Critical oxygen tension measurements in striated muscle in vivo and in vitro

Abstract

The coupling of oxygen delivery to oxygen consumption is thought to occur as the result of an increase in the production of vasodilating substances which diffuse from the tissue and act on the smooth muscle of arterioles, resulting in an increase in regional blood flow (metabolic regulation). A majority of the hypotheses regarding the nature of metabolic regulation of blood flow focus on the role of cytochrome oxidase and oxidative phosphorylation. The oxygen tension (PO₂) at which the rate of cytochrome oxidase is one-half maximal (K(m)) has been determined in isolated mitochondria but has not been determined in vivo and some evidence suggests that it may be higher than in vitro. In these experiments we determine the PO₂ at which NADH fluorescence began to increase in vivo and in vitro in response to oxygen limitation (critical PO₂). These changes in fluorescence are assumed to reflect oxygen limitation of oxidative phosphorylation and can be compared to the cytochrome oxidase K(m) values.

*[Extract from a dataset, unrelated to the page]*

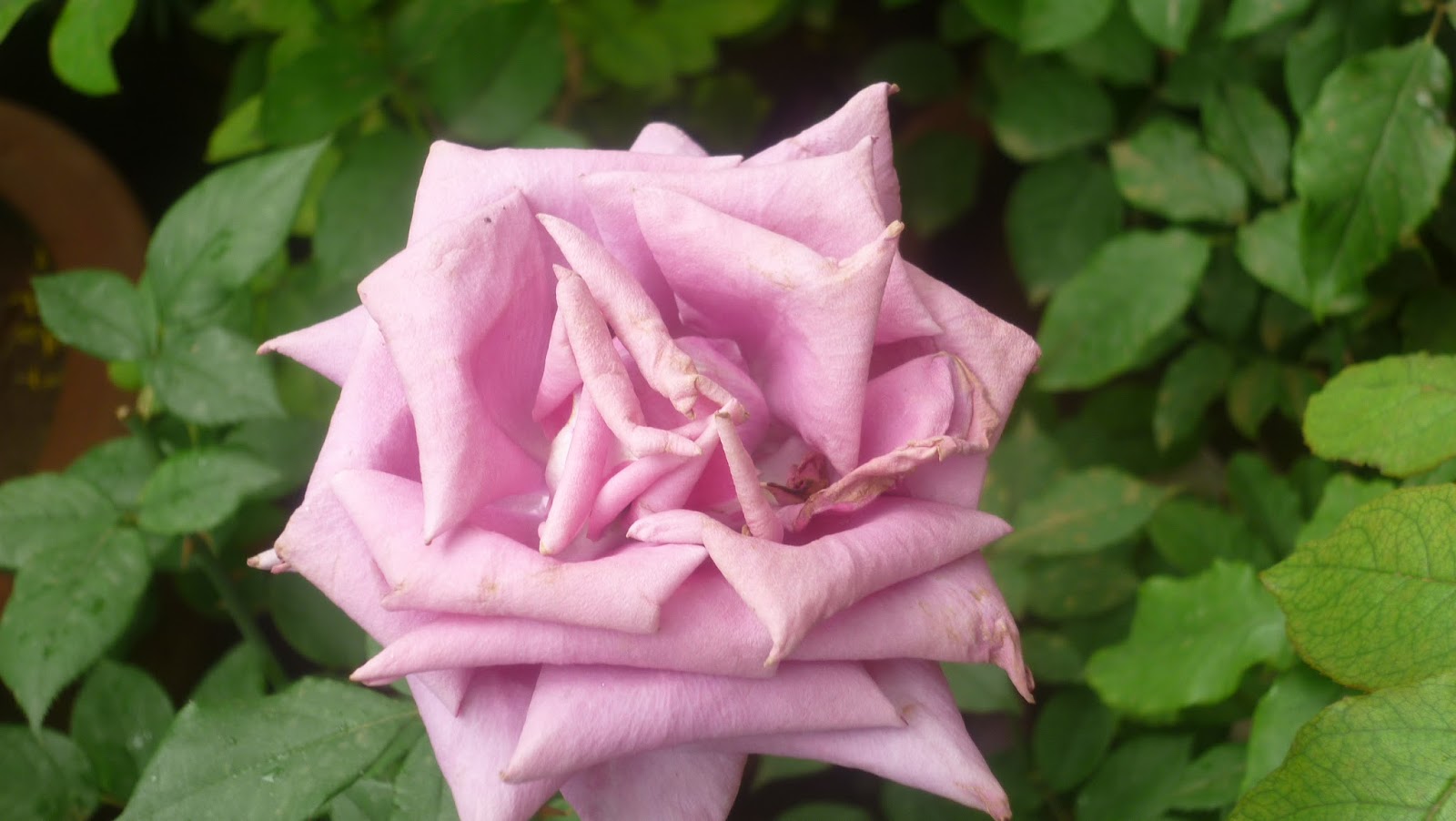 தண்ணீர் கேட்டு இலைமேல் சாய்ந்து வாடிக்கொண்டிருக்கும் ஒரு வெளிர் ரோஜர்.

This assumption was tested using imaging techniques on single striated myocytes to determine whether the change in NADH fluorescence that occurs with oxygen removal was associated with mitochondrial dense regions. Our findings support the use of NADH fluorescence to monitor oxidative phosphorylation. Using this technique the critical PO₂ was measured at tissue sites in post-capillary venular regions and in 20 micron diameter post-capillary venules. The critical PO₂ in the tissue was 2.4 mmHg and was higher in the venule (7.7 mmHg), consistent with predicted diffusion gradients for oxygen from vessel to tissue. The difference between the extracellular tissue PO₂ and the of Km cytochrome oxidase for oxygen (.05-0.05 mmHg) is consistent with theorized gradients existing between cell membrane and mitochondria and does not necessarily indicate a higher critical PO₂ in vivo. Using techniques similar to those used in vivo we measured the critical PO₂ from single isolated striated cells and determined it was significantly different from the critical PO₂ measured in vivo. This difference is likely due to the differences between in vivo and in vitro measurement conditions rather than real differences in the critical PO₂.